Pensando bem, ler é como viajar para outro universo sem sair de casa(...)”
Ricardo Azevedo
Ao pensarmos em literatura infanto-juvenil, logo vêm em nossa mente histórias
fabulosas e encantadoras como Narizinho Arrebitado, primeira obra infantil de Monteiro
Lobato, na qual mais adiante acaba por compor O Sitio do Pica-pau amarelo; contos de
fadas como por exemplo Cinderela e Branca de Neve dos Irmãos Grimm, entre outros.

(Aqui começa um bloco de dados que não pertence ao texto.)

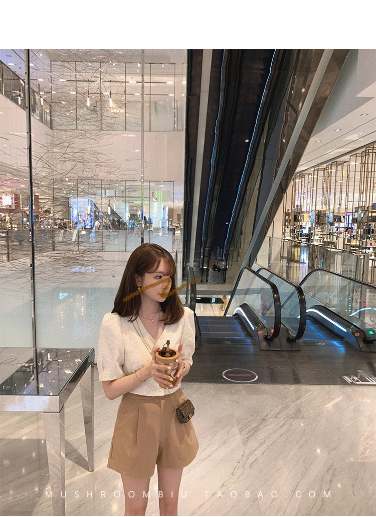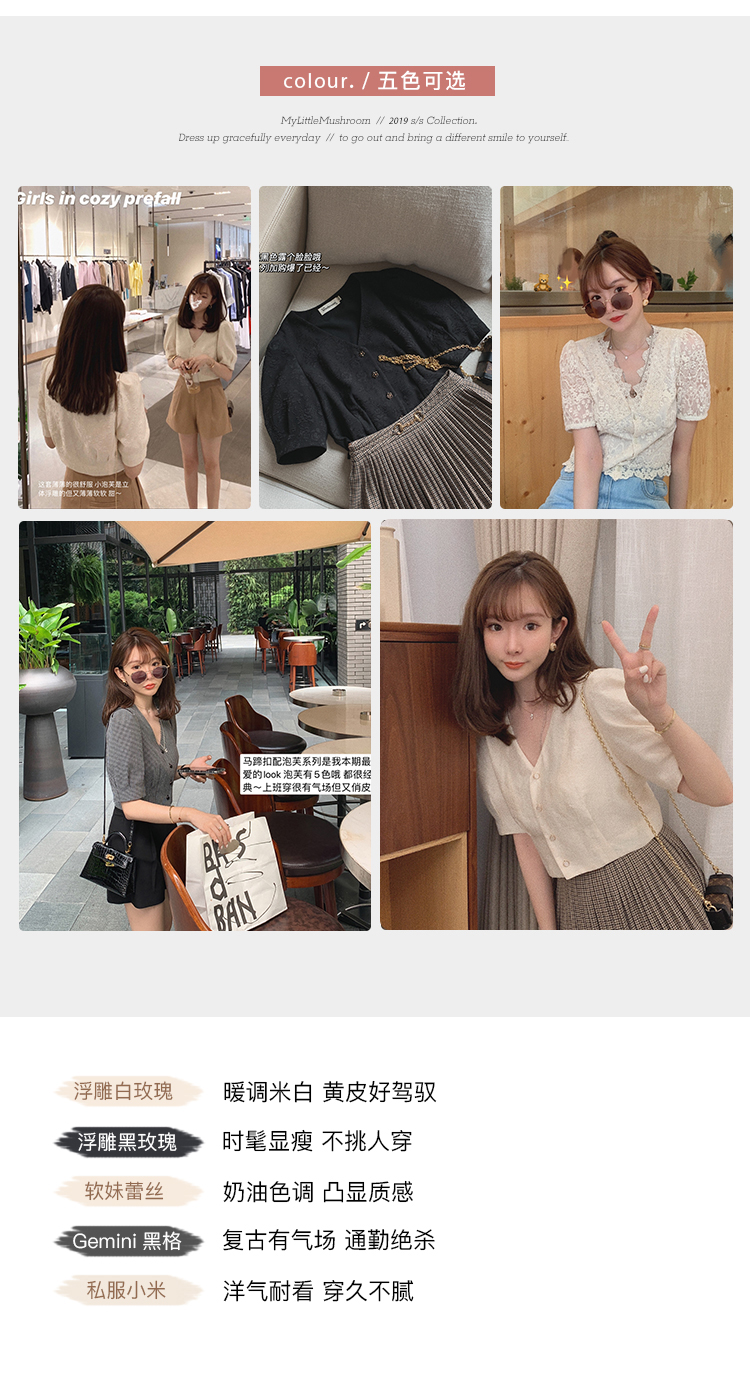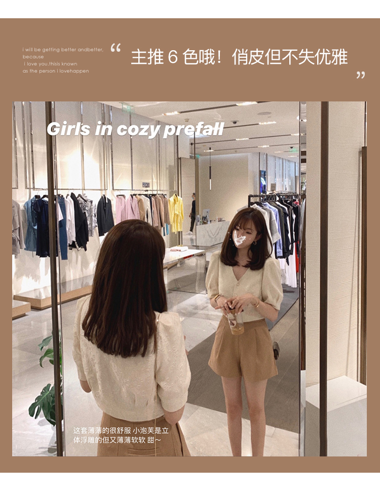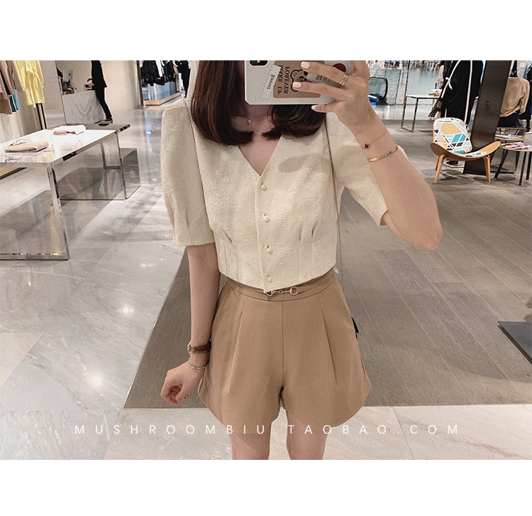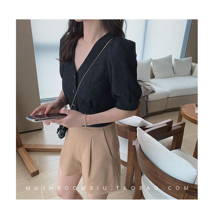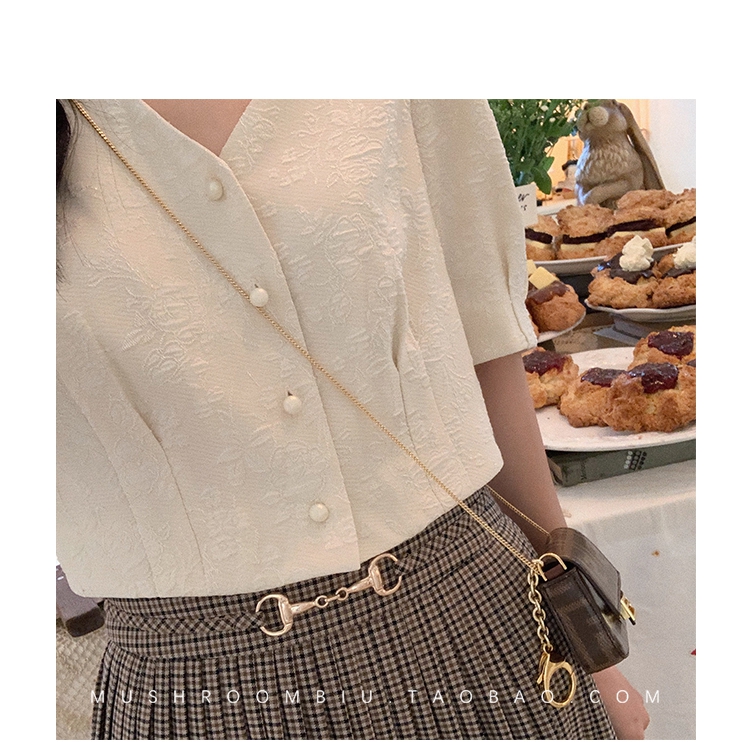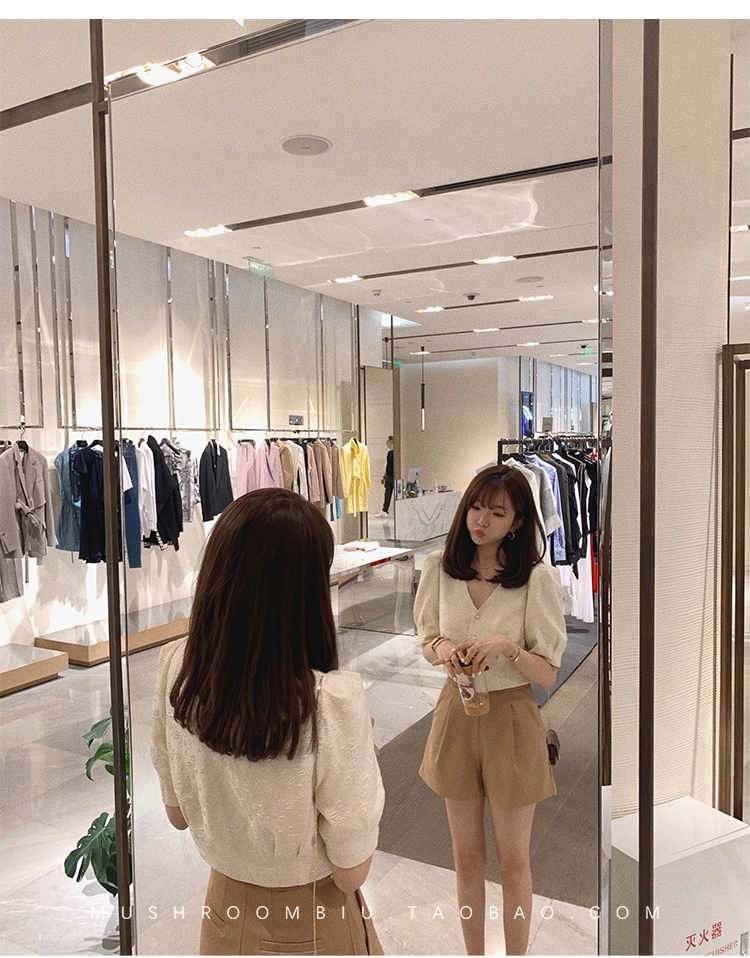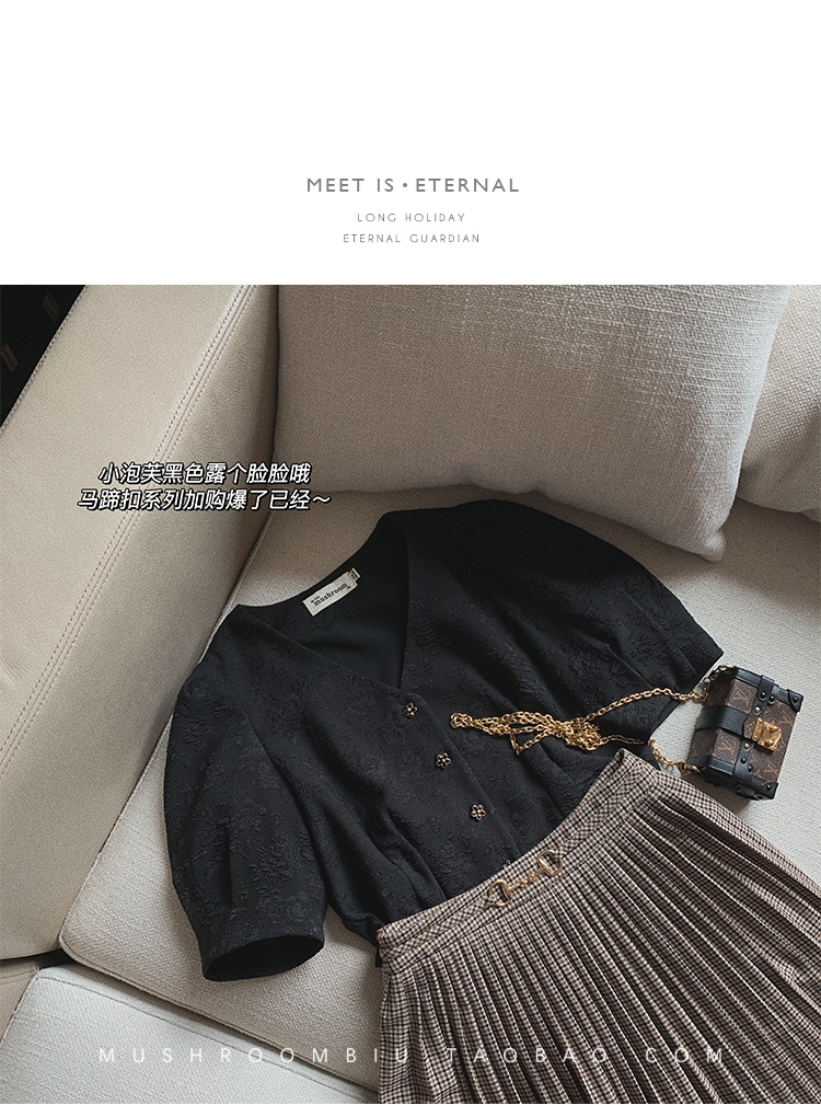 金蘑菇菇【奶油小泡芙】设计感小众收腰短款法式V领

Todavia a Literatura infanto-juvenil, não é composta apenas desses grandes contos das
décadas passadas, pois a cada dia este gênero nos presenteia com um autor e com uma
história nova, e com isso críticos literários procuram cada vez mais histórias infantis e
juvenis para serem trabalhadas em suas teses e dissertações de mestrado e doutorado,
autores como Lygia Bojunga Nunes, Ana Maria Machado, Marina Colassanti, Sylvia
Orthof, dentre outros, como aponta Turchi (2006) em Espaço da crítica da literatura
infantil e juvenil.
A crítica literária serve para promover a valorização da literatura infantil e juvenil
como instituição literária, tornando-se objeto de investigação científica. A Crítica tem
possibilitado a construção de uma história da literatura infantil brasileira, visto que quanto
mais se estuda a obra mais se confirma a qualidade desta. Tanto para Peter Hunt (1990)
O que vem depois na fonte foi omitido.